Semua yg tak wajar niscaya memanggil pembahasan. Selesai acara reunian tatkala Marni menanti jemputan Bang Leman, Dewi menghampirinya & menemaninya.

“Ni, tahu, enggak, si Wati itu sudah cerai dgn suaminya.”

“Oh yaa?” Marni merespons.

“Iya, denger dongeng sih gara-gara suaminya keluar dr daerah kerja & ketika ini nganggur.” Dewi mulai bergunjing.

“O ya…”

“Ternyata mereka banyak utang, cicilan-cicilan.” Dewi melanjutkan.

“Cicilan itu kan hal biasa di rumah tangga, kayaknya enggak ada yg enggak punya utang.” Marni menjawab sekenanya.
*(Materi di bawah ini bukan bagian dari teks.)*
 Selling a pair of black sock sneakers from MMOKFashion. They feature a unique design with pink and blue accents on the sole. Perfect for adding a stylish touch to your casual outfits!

  Probowo dan Jokowi | Cerpen Matdon

Dewi terus bercerita & Marni sebatas mendengarkan, pikirannya mengalun ke tempat tinggal tangganya sendiri yg saat ini sedang hampir dilanda krisis yg kurang lebih sama. Tapi, satu hal niscaya, ia tak ingin lepas dr Bang Leman. Hal itu tak pernah terlintas dlm pikirannya sedikit pun. Bercerai sama sekali bukan jalan keluar.

***

Sepulang dr Sumedang hatinya tenteram mendengar pesan tersirat ayahnya: Nak, ikutlah dgn suamimu ke mana pun ia mengajakmu mencari nafkah, itu kewajibanmu sebagai istri. Berikan potensi kepadanya untuk mengurus rumah tangganya menurut apa yg terbaik sesuai ukurannya. Jangan lupa selalu berdoa pada Allah supaya suamimu senantiasa dibimbingnya & diberi kelangsungan usaha & rezeki. Bapak & ibumu pula akan tetap mendoakanmu. Semua niat baik akan diberi fasilitas oleh-Nya.
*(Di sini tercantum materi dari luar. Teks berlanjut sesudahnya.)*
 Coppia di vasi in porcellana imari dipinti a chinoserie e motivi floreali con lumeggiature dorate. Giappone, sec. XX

Marni diam, suaminya pula diam. Mesin mobil menderu di jalan tol. Anak-anak di belakang tidur. Marni melirik suaminya & bersyukur dlm hatinya dikaruniai seseorang yg baik sebagai tempat melabuhkan dirinya. Semua niat baik mesti diberi kesempatan. Masa kemudian memang menjadi miliknya, masa kini sedang mereka jalani, tetapi masa depan ialah misteri yg hanya bisa dijalani melalui kesempatan & cita-cita. Marni percaya, dgn berdua, semua dilema akan bisa dihadapi.

Malam itu sebelum tidur Marni memeluk suaminya.

“Bang.”

“Hmm.”

“Abang sayang gue kan….”

“Hmm.”

“Abang cinta gue pula kan….”

“Tak ada yg lain di hati kakak selain kau, Dik,” kata suaminya sambil membalas pelukan istrinya.
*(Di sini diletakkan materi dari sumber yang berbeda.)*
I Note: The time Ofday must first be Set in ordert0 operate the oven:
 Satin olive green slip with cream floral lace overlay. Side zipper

“Bawalah gue ke mana pun abang pergi. Semoga di sana nanti kita dimudahkan segalanya oleh Allah, Bang, alasannya adalah niat Abang suci mencari nafkah untuk kita.” Marni lirih berkata.

Suaminya cuma memandang, tak bisa berbicara. Dipeluknya istrinya tambah dekat. Air matanya menetes hangat membasahi bantal.